[Data excerpts]
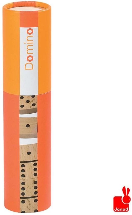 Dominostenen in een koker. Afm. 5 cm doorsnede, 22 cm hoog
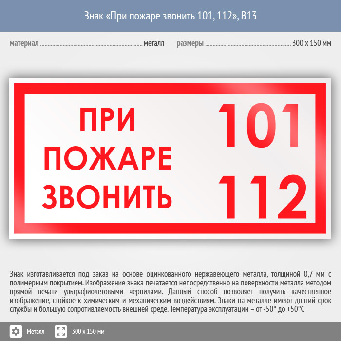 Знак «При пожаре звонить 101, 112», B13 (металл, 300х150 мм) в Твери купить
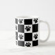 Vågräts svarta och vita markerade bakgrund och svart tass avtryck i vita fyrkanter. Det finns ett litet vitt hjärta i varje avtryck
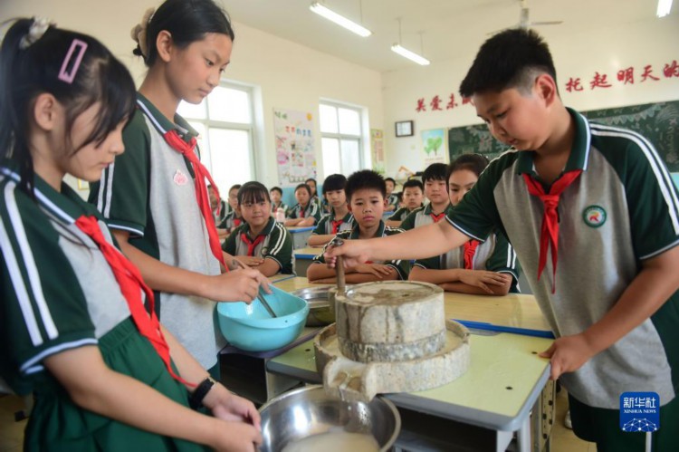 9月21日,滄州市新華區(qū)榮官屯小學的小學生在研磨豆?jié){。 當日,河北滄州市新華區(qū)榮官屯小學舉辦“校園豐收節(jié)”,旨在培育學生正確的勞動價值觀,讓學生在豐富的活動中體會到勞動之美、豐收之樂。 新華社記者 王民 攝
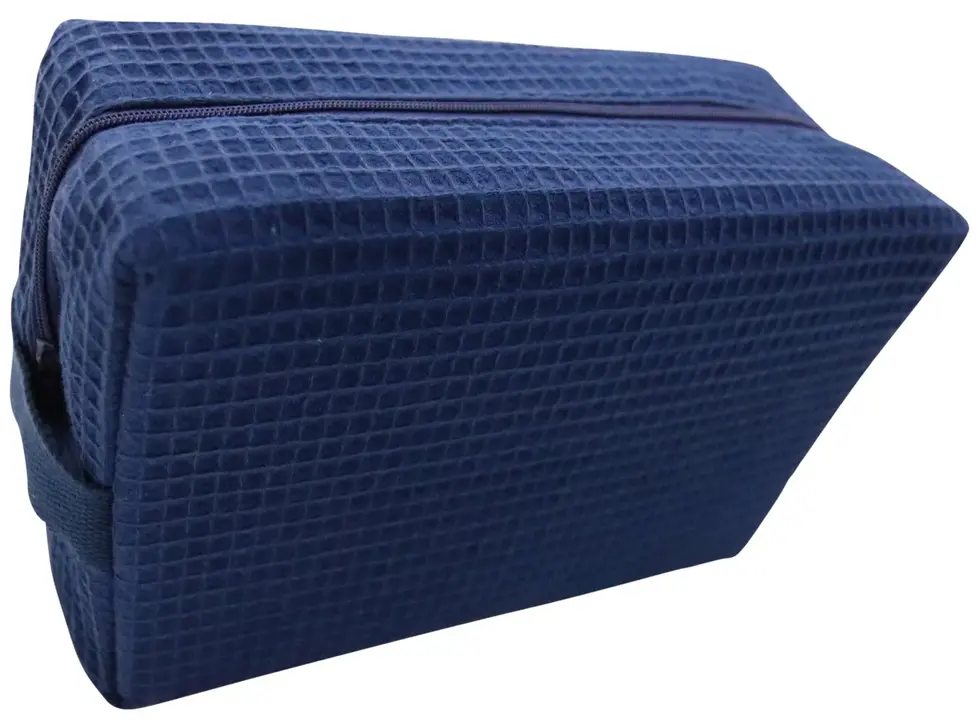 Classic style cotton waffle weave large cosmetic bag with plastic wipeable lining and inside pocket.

■ **What you should do**
Only the lines from the line with "в Твери купить" through the end of the records belong in your copy. Repeat them exactly, without pictures.

■ **Your solution**
 Знак «При пожаре звонить 101, 112», B13 (металл, 300х150 мм) в Твери купить
 Vågräts svarta och vita markerade bakgrund och svart tass avtryck i vita fyrkanter. Det finns ett litet vitt hjärta i varje avtryck
 9月21日,滄州市新華區(qū)榮官屯小學的小學生在研磨豆?jié){。 當日,河北滄州市新華區(qū)榮官屯小學舉辦“校園豐收節(jié)”,旨在培育學生正確的勞動價值觀,讓學生在豐富的活動中體會到勞動之美、豐收之樂。 新華社記者 王民 攝
 Classic style cotton waffle weave large cosmetic bag with plastic wipeable lining and inside pocket.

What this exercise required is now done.